Every line from the opening of the records to the line with "TOT vs BHA Dream11" should be restated exactly, with both ends included and the pictures left out.

Records contained in a dataset
___

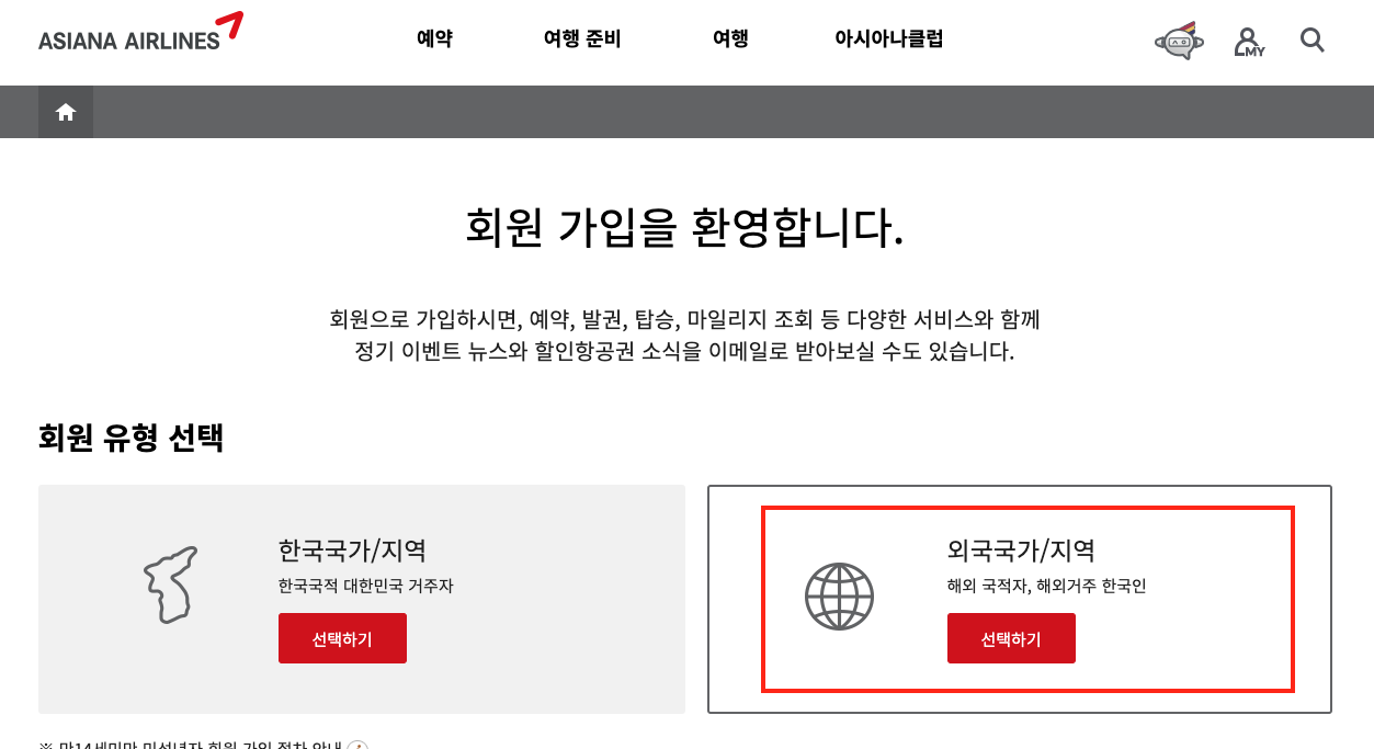 우선 아시아나항공 홈페이지에서 회원가입 란으로 들어가 주세요.
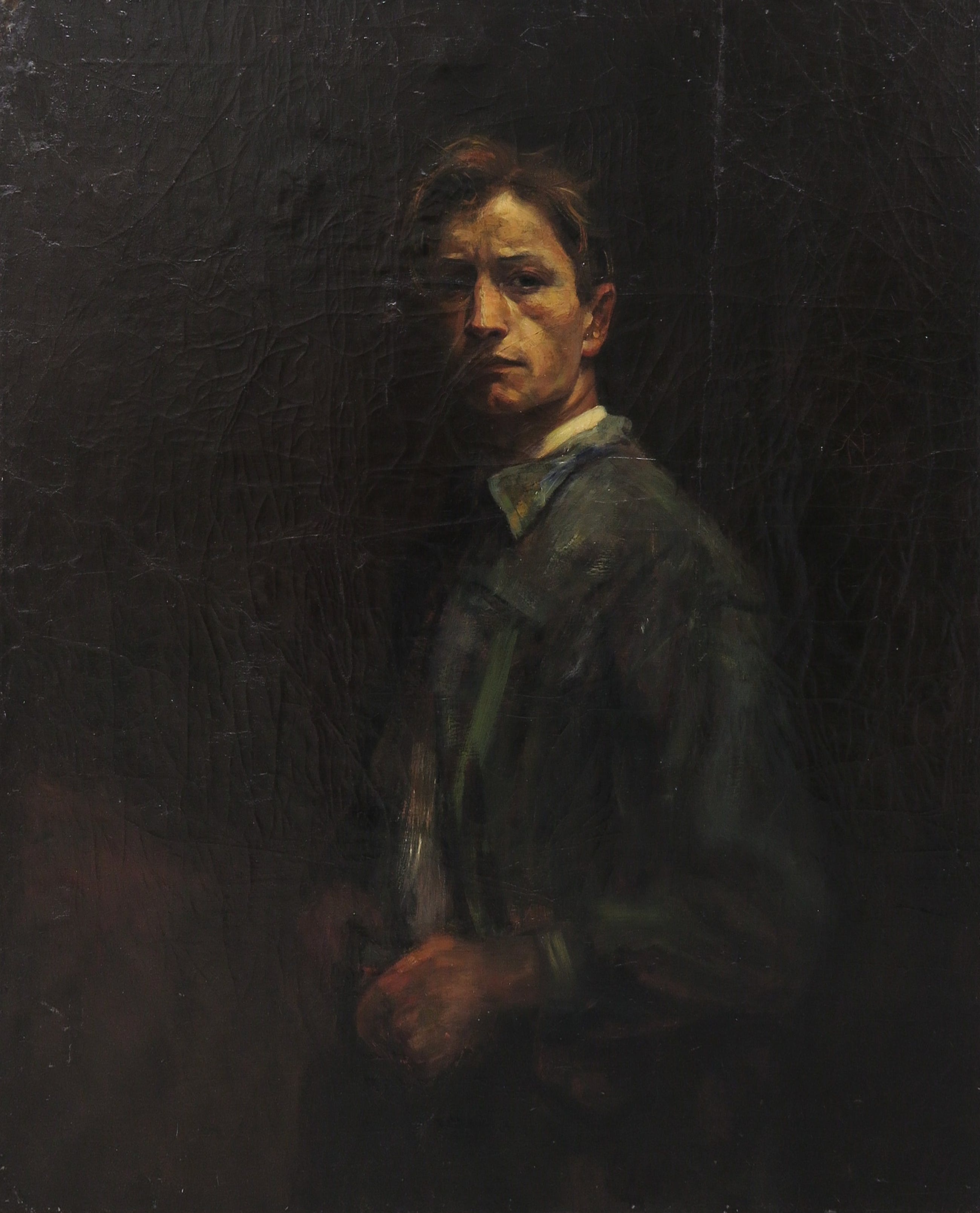 Groot portret in olieverf en vroeg werk van Bram van Velde. Dit werk komt uit de periode dat Van Velde in het Mauritshuis oude meesters kopieerde, omdat hij een traditionele kunstopleiding niet kon betalen.
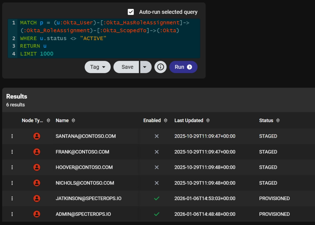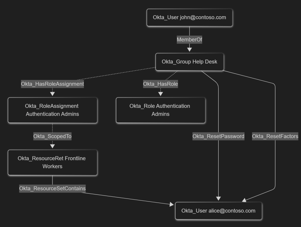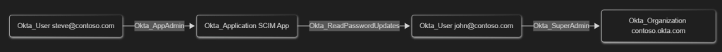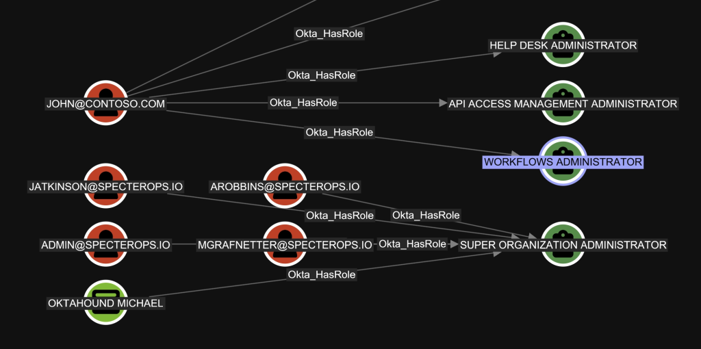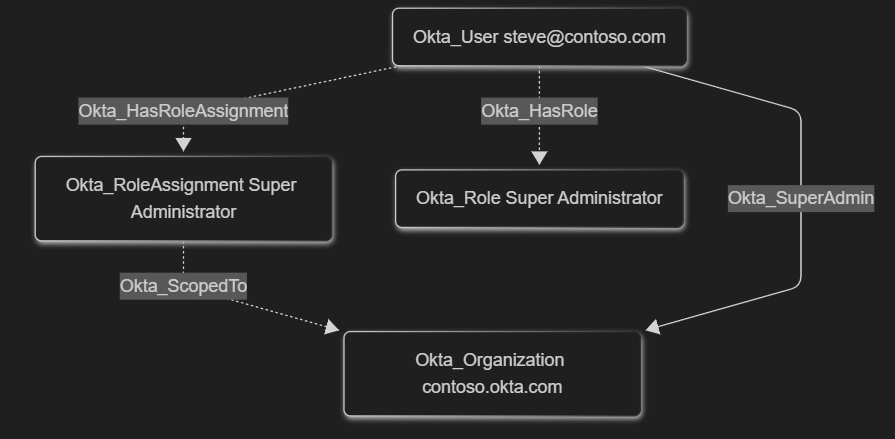 Each built-in Okta role assignment is modeled using a role-specific direct traversable edge, such as Okta_SuperAdmin or Okta_GroupAdmin, and indirect non-traversable Okta_HasRoleAssignment, Okta_ScopedTo, and Okta_HasRole edges.
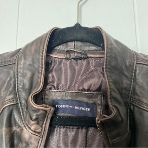 Tommy Hilfiger brown distressed fitted leather moto jacket with zip front and cuffs.
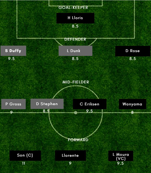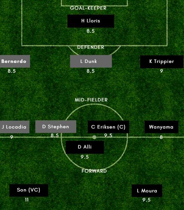 TOT vs BHA Dream11 Playing 11 – (Probable) – Tottenham Hotspur– Gazzaniga (GK), Trippier, Alderweireld, Vertonghen, Rose; Dier, Winks; Son, Alli, Eriksen; Moura Brighton & Hove Albion– Ryan (GK), Montoya, Duffy, Dunk, Bernardo; March, Kayal, Stephens, Locadia; Gross; Murray
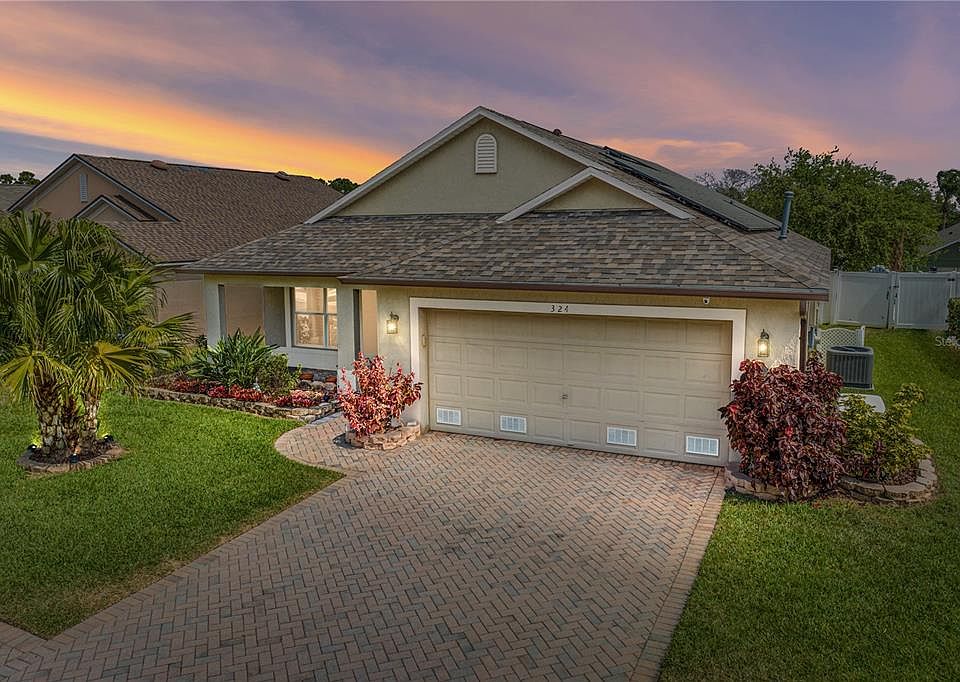 Welcome to 324 Regency St, a charming and beautifully maintained single-family home nestled in the highly sought-after gated community of Green at West Haven, located in the vibrant city of Davenport, FL. This exquisite residence boasts three spacious bedrooms, two full bathrooms, and a host of wonderful features that are sure to impress. As you enter the home, you are greeted by an inviting open floor plan that seamlessly blends the living, dining, and kitchen areas, making it perfect for entertaining guests or spending quality time with family. The kitchen is a chef's dream, featuring gorgeous countertops, stainless steel appliances, ample cabinet space, and a large breakfast bar with seating. The adjoining dining area provides ample space for hosting family dinners and intimate gatherings. The master bedroom is a true retreat, complete with a large walk-in closet with custom wood built-ins and an en-suite bathroom that features a large walk in shower, and dual vanities with granite countertops. The two additional bedrooms are also generously sized and share a full bathroom. One of the highlights of this exceptional property is the new solar panels, which provide energy-efficient living and significant savings on utility bills (No separate loan needed for these solar panels!). Other notable features of this home include a newer architectural shingle roof(2021), Generac generator powered by natural gas (always on, no refilling) that powers whole house (including AC and appliances), two-car garage, a laundry closet with a washer and dryer, and a screened-in porch overlooking the beautiful backyard. The Green at West Haven community is a true oasis, boasting a safe gated entrance, sidewalks for walking/running, tennis courts and a wonderful community pool. It is conveniently located just minutes from shopping, dining, entertainment, and some of Central Florida's top-rated attractions, making it an ideal location for both primary residences and vacation homes. Don't miss the opportunity to make this beautiful home yours. Schedule your private showing today and experience the best of Florida living!

___

• **Solution for this problem**
 우선 아시아나항공 홈페이지에서 회원가입 란으로 들어가 주세요.
 Groot portret in olieverf en vroeg werk van Bram van Velde. Dit werk komt uit de periode dat Van Velde in het Mauritshuis oude meesters kopieerde, omdat hij een traditionele kunstopleiding niet kon betalen.
 Each built-in Okta role assignment is modeled using a role-specific direct traversable edge, such as Okta_SuperAdmin or Okta_GroupAdmin, and indirect non-traversable Okta_HasRoleAssignment, Okta_ScopedTo, and Okta_HasRole edges.
 Tommy Hilfiger brown distressed fitted leather moto jacket with zip front and cuffs.
 TOT vs BHA Dream11 Playing 11 – (Probable) – Tottenham Hotspur– Gazzaniga (GK), Trippier, Alderweireld, Vertonghen, Rose; Dier, Winks; Son, Alli, Eriksen; Moura Brighton & Hove Albion– Ryan (GK), Montoya, Duffy, Dunk, Bernardo; March, Kayal, Stephens, Locadia; Gross; Murray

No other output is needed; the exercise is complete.